Thanks for taking time to review @apeltzer. I've updated test.yml files accordingly. As mentioned, some output files are slightly different in each run due to containing copies of the input call with temporary file paths for example. I've removed files from the YAML files if the correct output cannot be checked. It is still possible to confirm a successful test run from reproducible output files and summary statistics.
I think this update addresses all concerns raised. Let me know if anything else needs to be discussed or changed in order to meet criteria to merge.
One tiny test missing 🤞🏻 - the web_summary.html in both universc count and the cellranger count part. Can you try to fix this?
Once the tests are fixed (last one!) , I think the code is fine. Hosting the docker images is another story - we tend to host other images (e.g. demux, some other 10X containers) on our main nf-core account to make sure that a.) these are there and are not at some point deleted and b.) are "kind of trustworthy" / under control of the community and not a single individual - would you be fine to mirror the images you provide to the nf-core account to keep things the same for universc here too @TomKellyGenetics ?

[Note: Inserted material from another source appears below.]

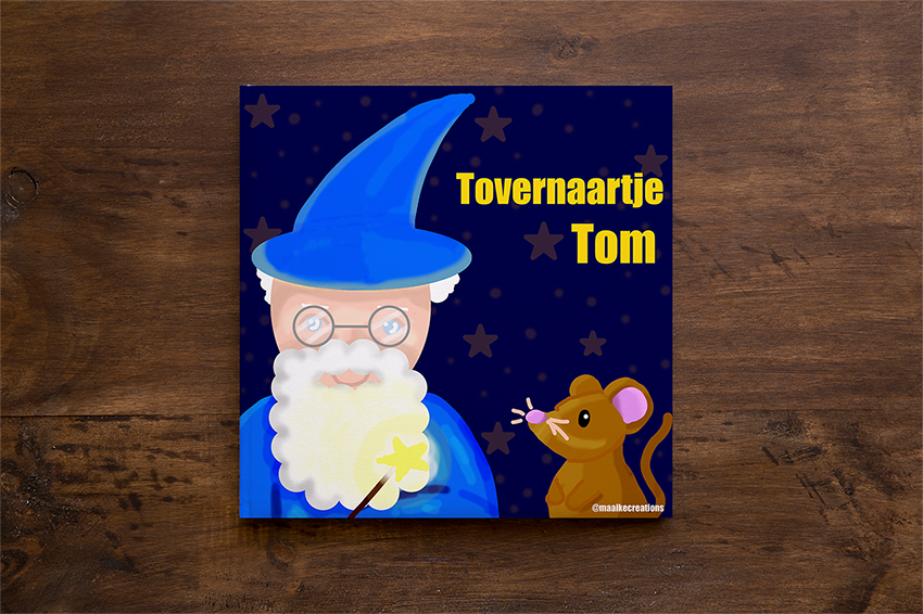 Voor de opdracht Digitaal Tekenen heb ik met behulp van een Wacom-tablet een boekkaft ontworpen rondom het thema Tovenaartje Tom. Als uitgangspunt kregen we een fragment uit het verhaal, waarop wij onze eigen visuele interpretatie moesten baseren.
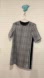 Grey with blue &black laid pattern with-a cute button down black stripe down the side.

Also, once the modules are in: Would make sense to use the upcoming subworkflow feature and create a subworkflow out of universc modules that can then only be imported to the nf-core/scrnaseq pipeline - other pipelines could also consider importing the workflow, e.g. ATACseq could potentially import it to do scATACseq ...? Or does that not make sense to also have the subworkflow shared via a central module repository? Leaving that bit up to you ;-)
One tiny test missing 🤞🏻 - the web_summary.html in both universc count and the cellranger count part. Can you try to fix this?
@apeltzer I've returned from holidays so now I can modify the tests for the web summary files. This shouldn't be much trouble.
Updating permissions in the container is more troublesome but I am open to a mirror being hosted by nf-core. As discussed above, I misunderstood how nf-core containers are managed and removed references to it before.
If you wish to build a new container, the Dockerfile can be found here: https://github.com/minoda-lab/universc/blob/master/Dockerfile Let me know if I can help do this.
Note UniverSC is now published in Nature Communications and we will continue to ensure the supplemental data, including the image to run a container is available. https://www.nature.com/articles/s41467-022-34681-z
I can support building a subworkflow and integrating it into the scRNA-Seq pipeline. Unfortunately scATAC-Seq is not currently supported due to some complications.
I looked into mirroring the docker image at nf-core/universc. I am a member of the GitHub organisation but do not have permissions to update the Docker images here: https://hub.docker.com/u/nfcore
If anyone who administers this account is willing do it, I can share the docker build configuration file. All dependencies are open-source and available to install freely. It may be possible to change permissions on the cellranger install directory to avoid running the container as root user but I have not tested this yet.
@apeltzer Should I add the "subworkflow" for UniverSC as a separate PR or include it in this one? I noticed there are subworkflows included with this modules repo and also specific for each pipeline:
https://github.com/nf-core/modules/tree/master/subworkflows/nf-core https://github.com/nf-core/scrnaseq/tree/master/subworkflows/local
As you suggest, this would be specific to scRNA-Seq analyses, so I agree to submitting it there (after universc is merged into "modules") if it is more appropriate. It has very similar functionality to the "align_cellranger.nf" subworkflow so putting it in the same directory makes sense to me. Thanks for your advice.